"""
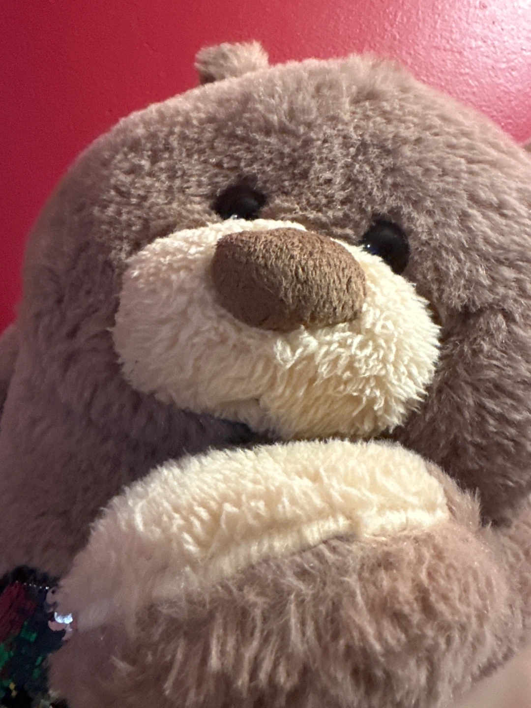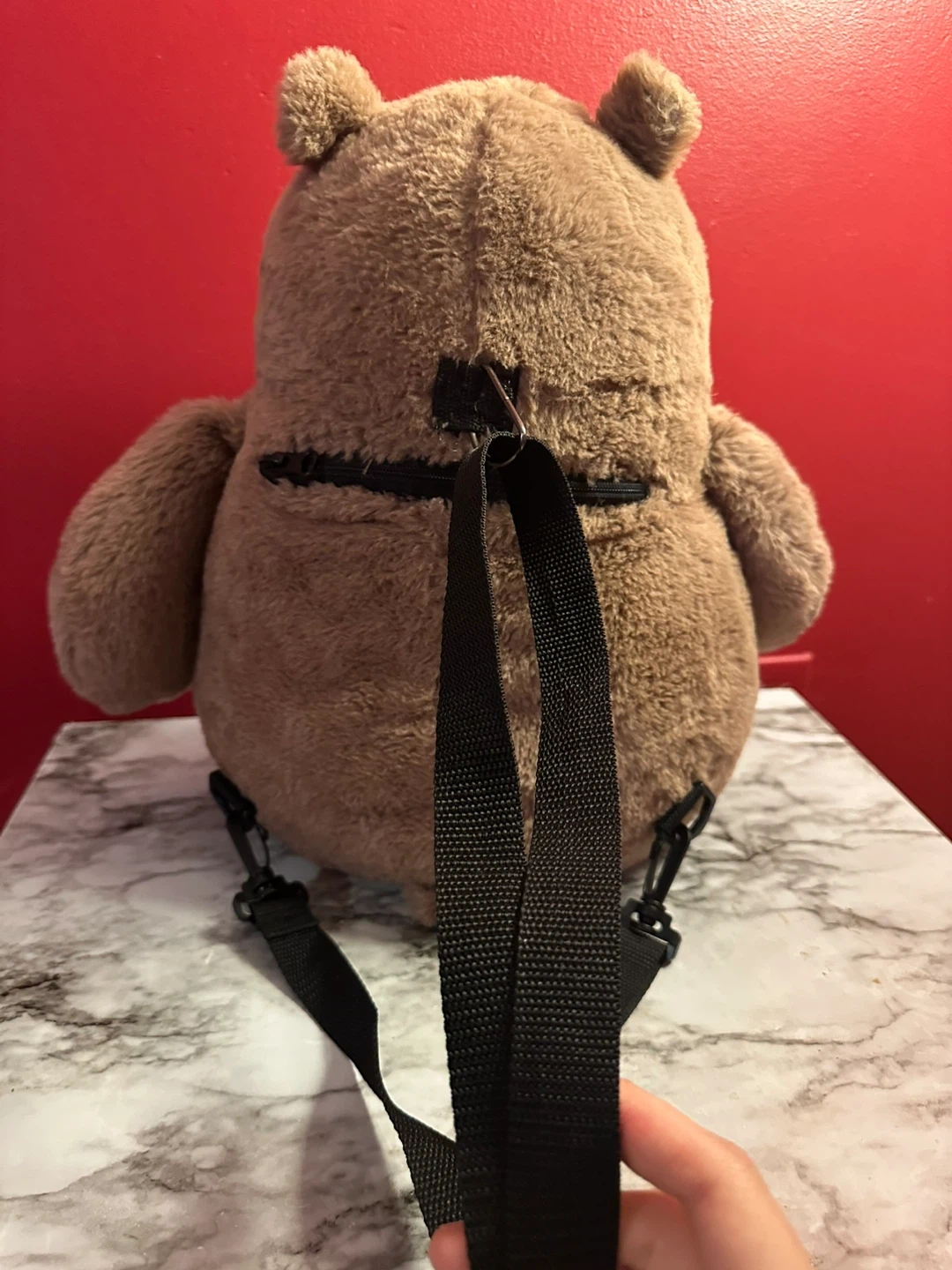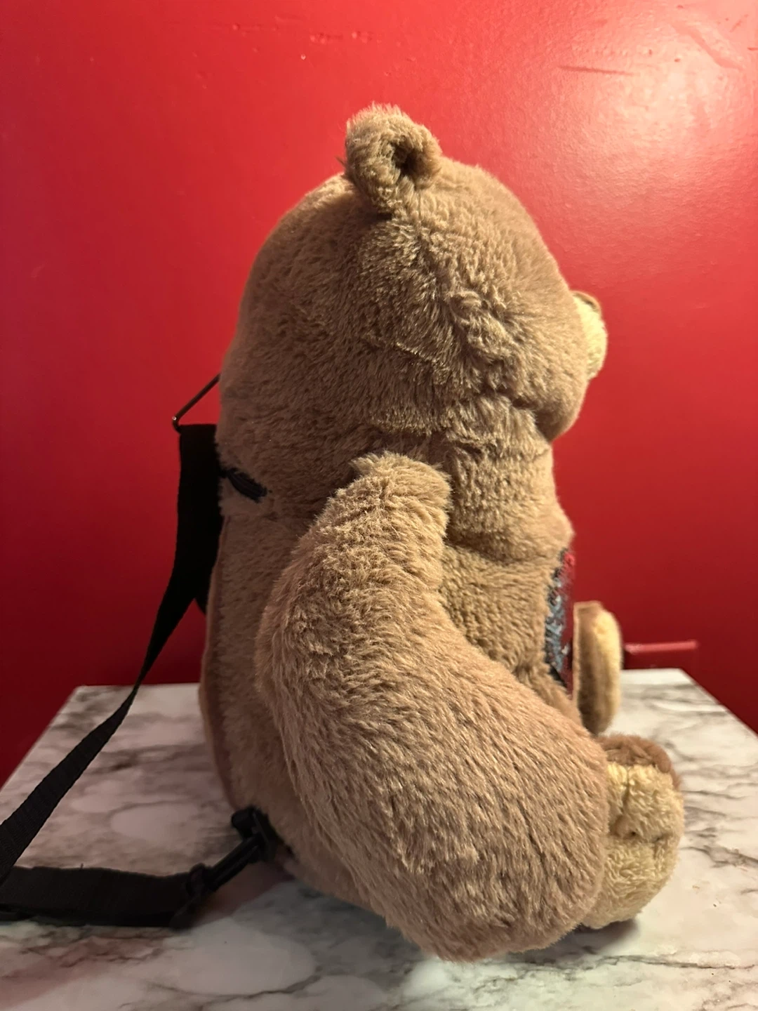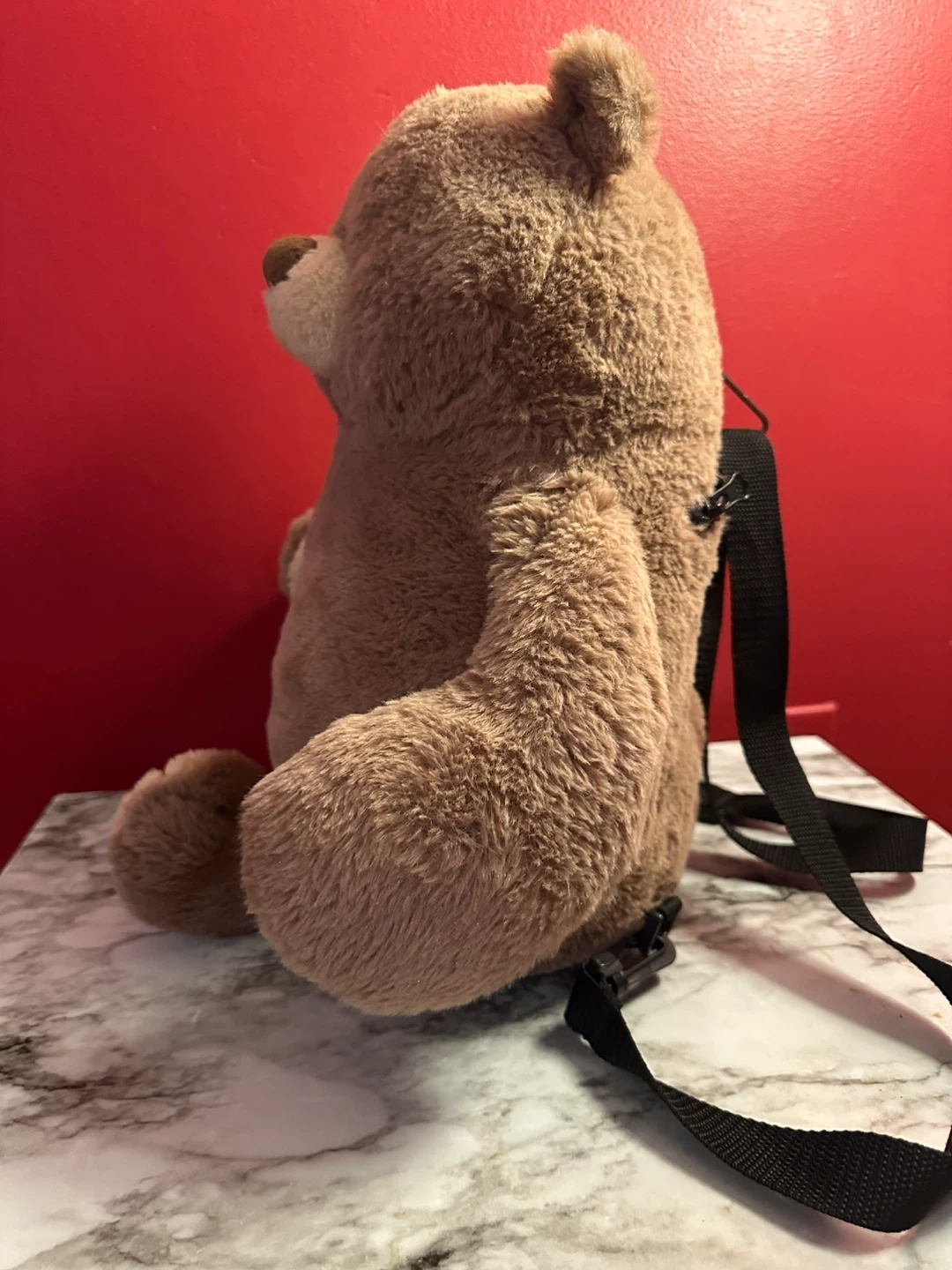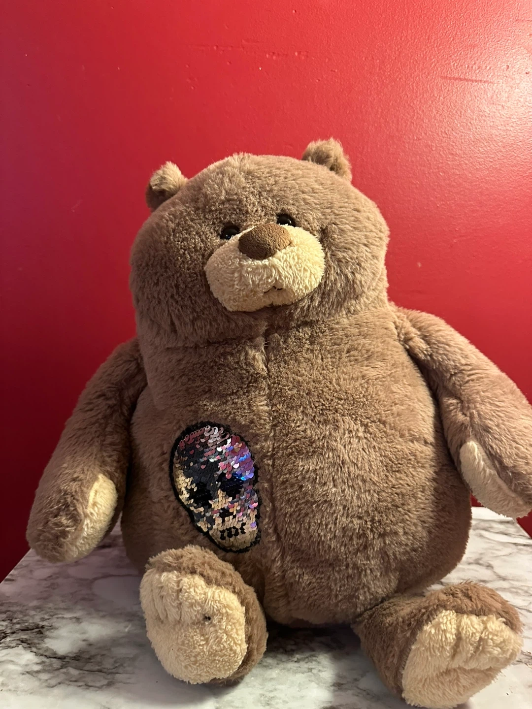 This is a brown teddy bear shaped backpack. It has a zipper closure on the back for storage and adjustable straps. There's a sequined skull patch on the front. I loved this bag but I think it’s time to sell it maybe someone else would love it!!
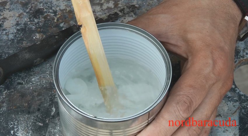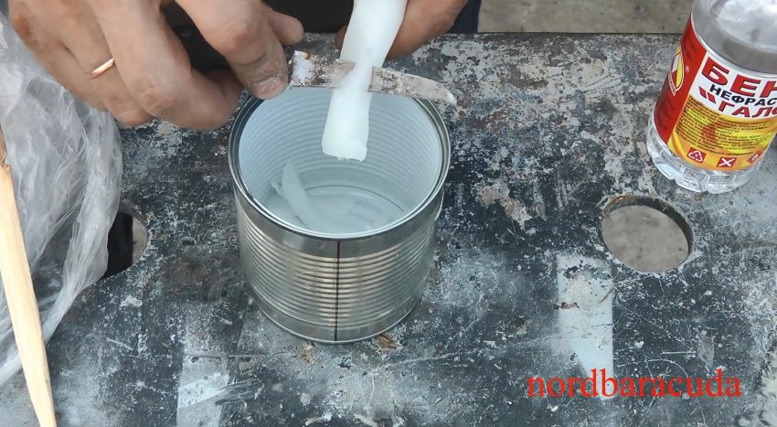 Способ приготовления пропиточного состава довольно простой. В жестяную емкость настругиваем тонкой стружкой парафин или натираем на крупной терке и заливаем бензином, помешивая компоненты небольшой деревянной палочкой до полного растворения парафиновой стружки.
"""
"""
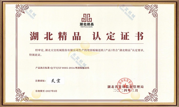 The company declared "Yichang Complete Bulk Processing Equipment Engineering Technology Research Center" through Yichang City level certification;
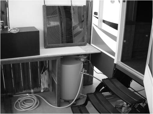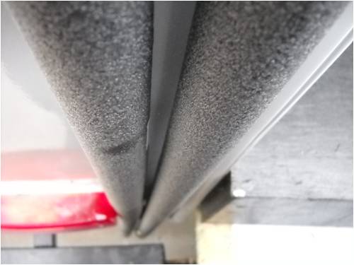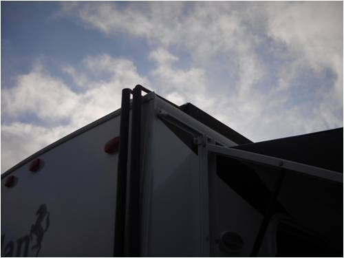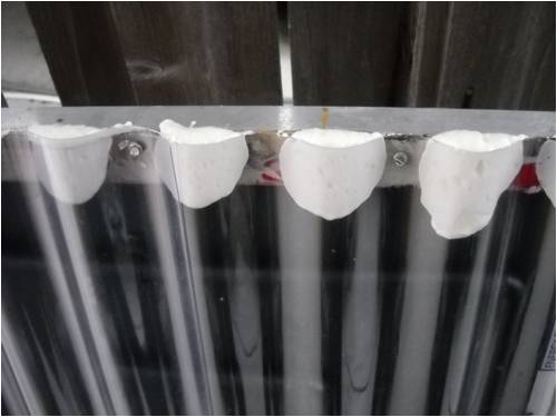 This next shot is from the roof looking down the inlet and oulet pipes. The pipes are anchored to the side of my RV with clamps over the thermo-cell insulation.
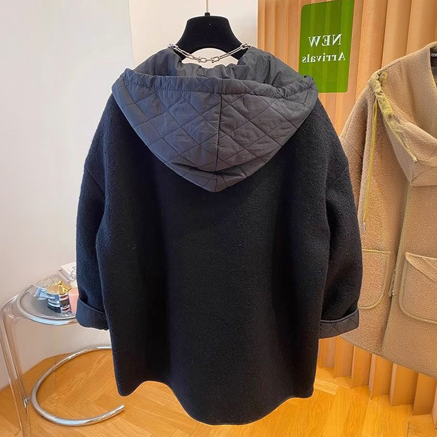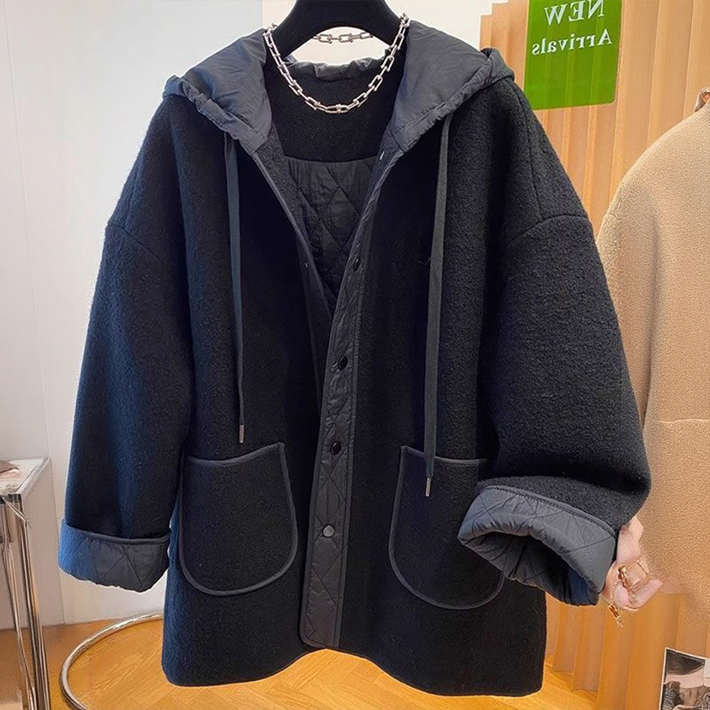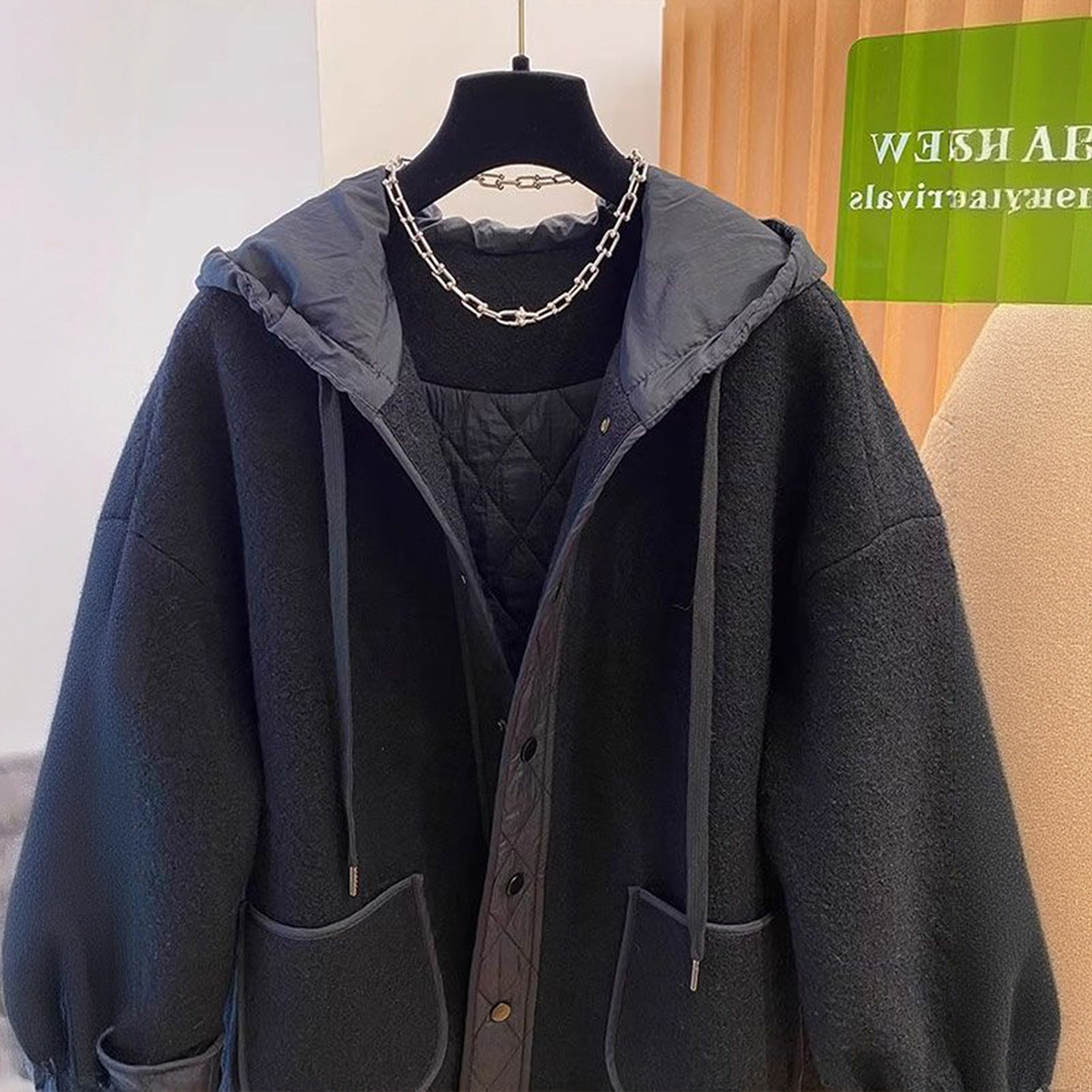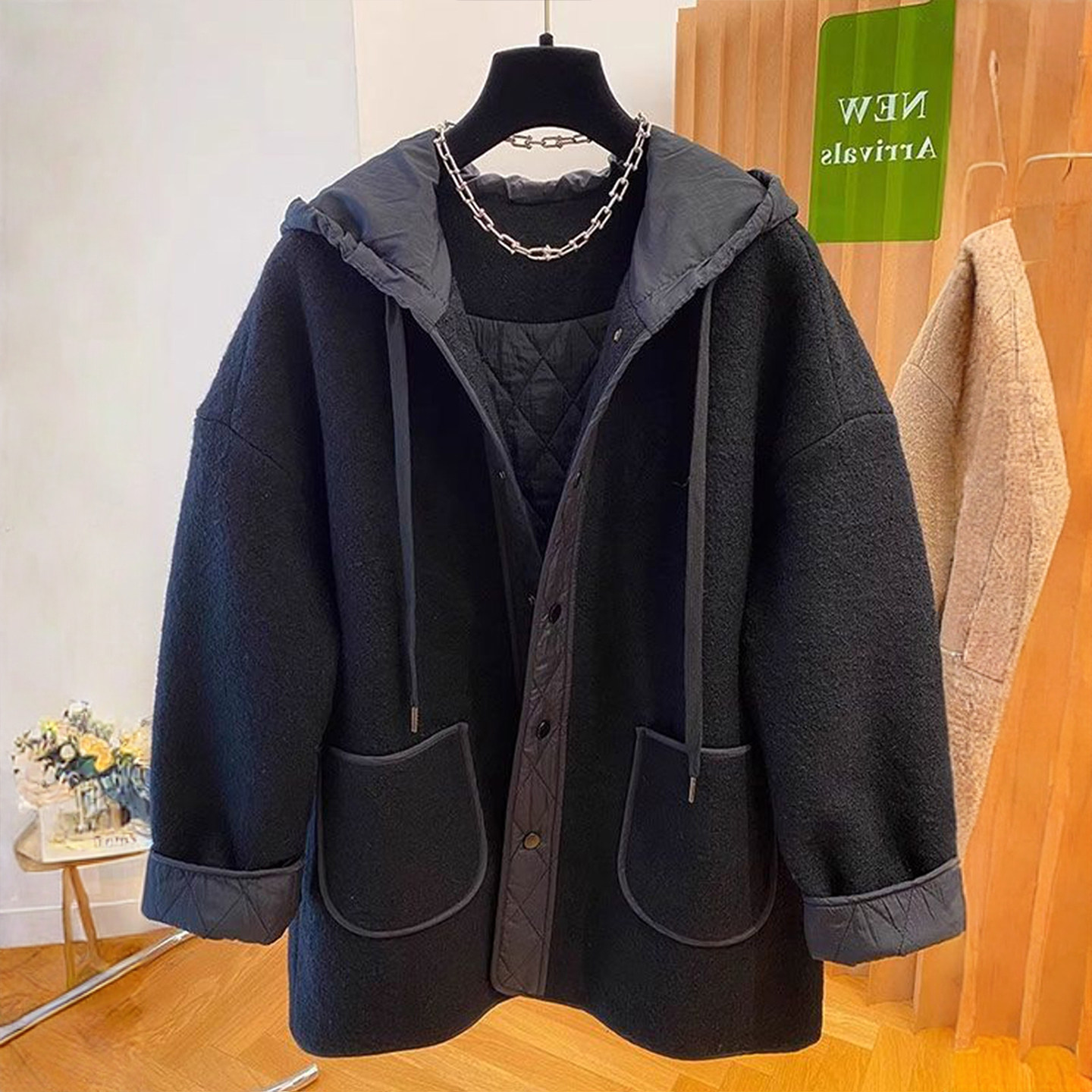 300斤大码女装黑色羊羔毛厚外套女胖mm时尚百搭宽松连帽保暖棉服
"""
The problem:
Within the material above, find the part that opens with the line containing "This is a brown" and closes with the line containing "Способ приготовления пропиточного", and reproduce it exactly without the pictures.

Written response:
 This is a brown teddy bear shaped backpack. It has a zipper closure on the back for storage and adjustable straps. There's a sequined skull patch on the front. I loved this bag but I think it’s time to sell it maybe someone else would love it!!
 Способ приготовления пропиточного состава довольно простой. В жестяную емкость настругиваем тонкой стружкой парафин или натираем на крупной терке и заливаем бензином, помешивая компоненты небольшой деревянной палочкой до полного растворения парафиновой стружки.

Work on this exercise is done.